1-12 Day 7 At sea
What an amazing day! This had to be one of my best at sea days ever! I had a cooking class (only 12 participants) with Chef Matthew Gennuso. He is a well known chef who now is the chef and owner of Chez Pascal, a French-American bistro in Providence, Rhode Island. He trained at the Culinary Institute of America and has cooked at some of the best restaurants on either coast as well as worked with other great chefs like Paul Bertolli, etc. In spite of all that, he was a real down to earth kind of guy and fun to cook with. The session started with all of us getting chef hats, aprons, and recipe cards. Everyone had the opportunity to participate in the food prep for the best lunch I've had on the ship so far! So, you are all invited now to try some of my new cuisine at Chez Tauna. Our menu was date and almond roasted chicken (the “rub” for the chicken was excellent!); potato dumplings with leeks, peas, and bacon; and crepes with caramel sauce. Everything was made from scratch. After we completed the preparation, we enjoyed eating it in one of the small, dining rooms on the ship – accompanied with a delicious white wine! From start to finish was almost 3 hours – some of the most fun three hours I've spent. I immediately signed up for his next cooking class. He will only be on the ship for one more demo class (no hands on) and one last hands-on class.

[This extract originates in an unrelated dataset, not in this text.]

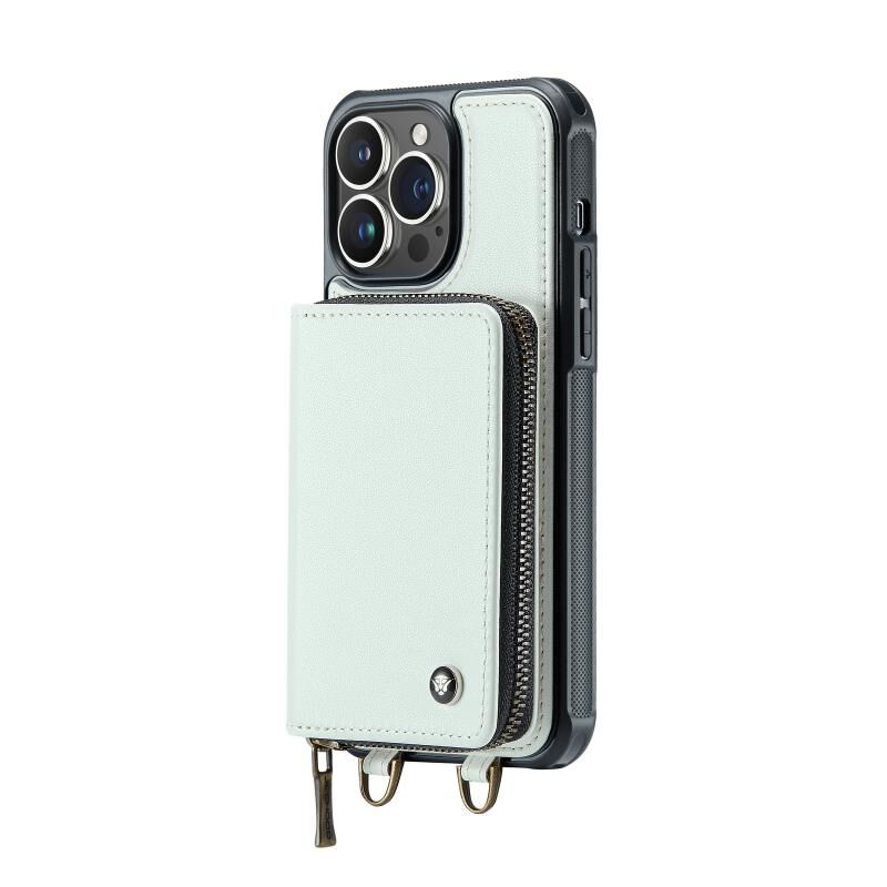 Θήκη τηλεφώνου JEEHOOD C22 Series με φερμουάρ και λουρί (μακρύ και κοντό) για iPhone 14 Pro (Κόκκινο) (JEEHOOD)
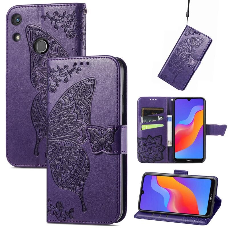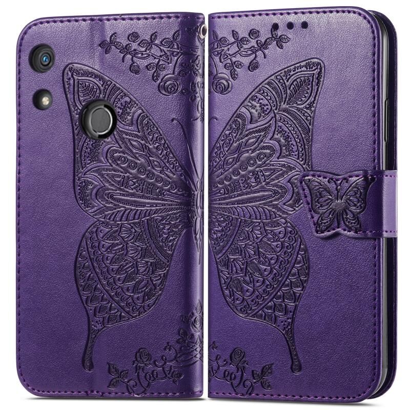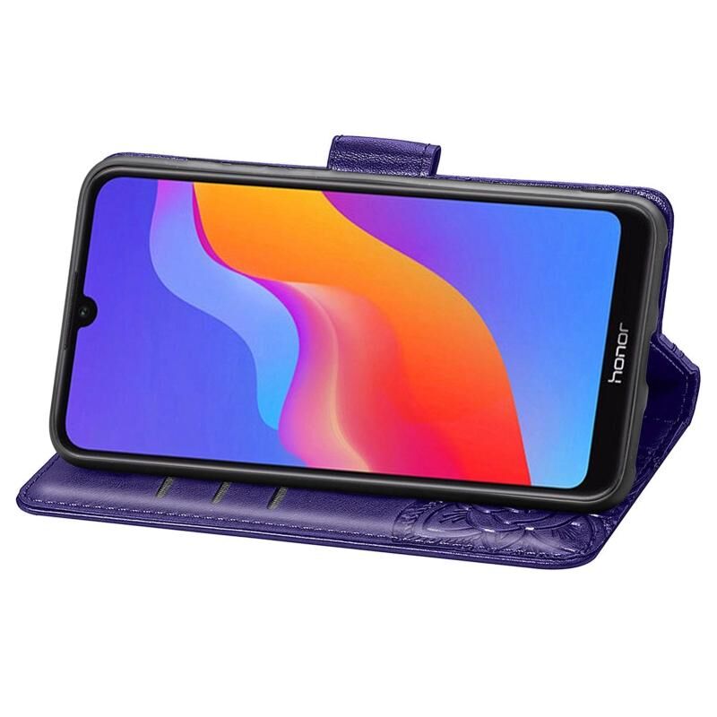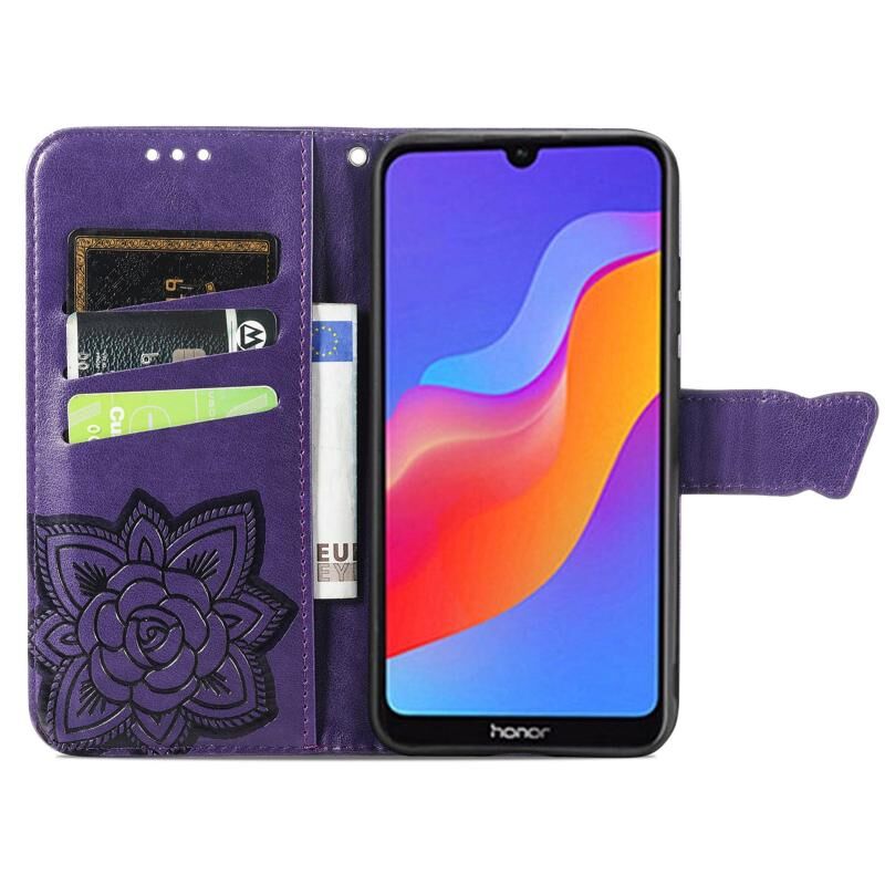 Θήκη τηλεφώνου από δέρμα με ανάγλυφο σχέδιο πεταλούδας και λουλουδιών για Honor 8A (Μαύρο)

After that activity, I immediately went to a creative writing class. This is going to also be great fun and a great learning experience. Our instructor taught us two techniques to close off our left brain to let our creative right brain function at its max. We will meet every sea day from now on. Who knows – I may be writing about one of YOU before too long!!! Not to worry – everyone will remain anonymous!
Caught up getting e-mails out and writing my Blog entry from yesterday's adventure. Doug enjoyed his day relaxing, reading, and getting the e-mail complications worked out. He is also looking forward to trying some of my new recipes!
Ended with a dinner (one of the best so far!) of beef tenderloin with Bernaise sauce and wonderful veggies and roasted potatoes (not to mention the butterscotch sundae dessert!) Today was definitely a great food day! Waddle, waddle!!!